Abstract
We appreciate Dr Van Kruiningen’s attention to our review article, 3 his comments regarding the characterization of crypt abscesses, and the opportunity to present additional images that reflect the full spectrum of crypt and mucosal changes noted in the in the FVB.129P2-Abcb1atm1Bor (Mdr1a–/– Taconic Biosciences, Hudson, NY) model (originally reported in Lencioni et al 4 ).
We agree that the crypt figure initially published in 2008 is not a “bona fide” crypt abscess, as defined in human gastrointestinal pathology and noted by Van Kruiningen. The 2008 figure (see Figure 1 here) was published in a non-pathology-focused journal and was chosen for its orientation so that the Comparative Medicine readership would readily appreciate the general histologic changes compared to the normal tissue presented. We regret the imprecise use of “crypt abscess” in the concise figure legend, rather than “a cystically dilated crypt with attenuated epithelium, containing necrotic epithelial cells, fragments of pyknotic nuclei, and strands of mucus,” as suggested by Van Kruiningen. As seen in Figure 2 and in Figures 4 to 6, there were numerous altered crypts we could have used at the expense of optimal orientation. These presentation decisions were repeated when the image was republished in 2016 without amending the original legend. 3 It is notable that the use of “crypt abscess” in the legend for this particular crypt was published in 2 peer-reviewed journals. Therefore, we believe it is worth expanding on Van Kruiningen’s letter to briefly discuss the diagnostic criteria and significance of crypt abscesses, illustrate their morphology in the human, and present the full spectrum of the crypt morphology in the Mdr1a–/– mouse model coinfected with MNV4 and Helicobacter bilis.
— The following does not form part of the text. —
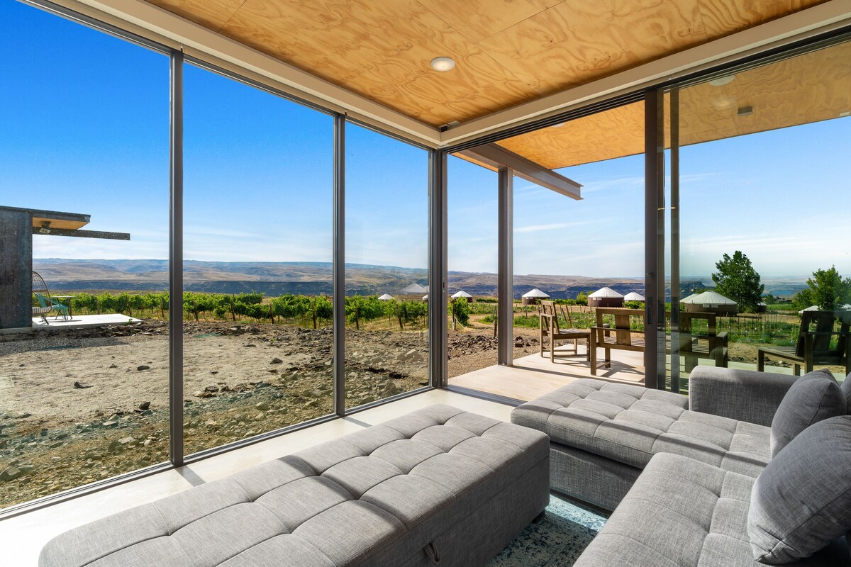 The VIP Lounge is a Olson Kundig-designed home. Steps from the Gorge Amphitheatre, it overlooks the Cave B Estate Winery vineyards & Columbia River. Our 1 bedroom, 1 bathroom home features a private patio and upgraded kitchen. It's a comfortable, modern-industrial feel that fits the landscape. Walk to concerts, wine tasting, dinner, or spa reservations. Hike Frenchman Coulee, bike Ancient Lakes, enjoy yoga on the patio, or just relax and take in the view

Crypt abscesses are defined as crypts containing intraluminal neutrophils that often are distended and lined by attenuated epithelium (Figs. 2–6). 1,2,5 They are nonspecific and seen in active colitis, including inflammatory bowel diseases (most commonly in ulcerative colitis but also in Crohn's disease and indeterminate colitis), and acute infectious colitis, among others. 1,2,5 The presence of neutrophils in the colon, either within the epithelium (cryptitis) or as crypt abscesses coupled with epithelial damage, indicates an active phase in chronic inflammatory bowel diseases. 1,2,5 Neutrophils may damage the crypts, leading to rupture and destruction. In all species, cyclic inflammation and crypt damage followed by repair lead to distortion of the crypt architecture as the disease process evolves. 1,5,7 Therefore, a spectrum of crypt inflammation and architectural changes may be expected in human and veterinary patients and in animal models of chronic-active colitis. 6,7 Figures 1 to 2 and Figures 4 to 6 illustrate the extent and variability of crypt and mucosal changes and serve to formally document the presence of bona fide crypt abscesses in the Mdr1a–/– coinfection model. For comparison, Figure 3 is a previously published example of a crypt abscess in a human with active-phase ulcerative colitis.
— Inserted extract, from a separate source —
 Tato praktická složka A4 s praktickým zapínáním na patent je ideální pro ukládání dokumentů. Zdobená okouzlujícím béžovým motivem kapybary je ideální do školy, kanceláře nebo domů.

We agree that it is important to use precise descriptions and terminology in comparative pathology and welcome this opportunity to clarify our choice of figure and legend text. We hope the letters and figures presented here aid Veterinary Pathology readers in their appreciation of how imprecision may occur, despite collective efforts; the morphology and significance of crypt abscesses; and the challenges associated with fidelity to human descriptions and terminology in the age of “One Health.”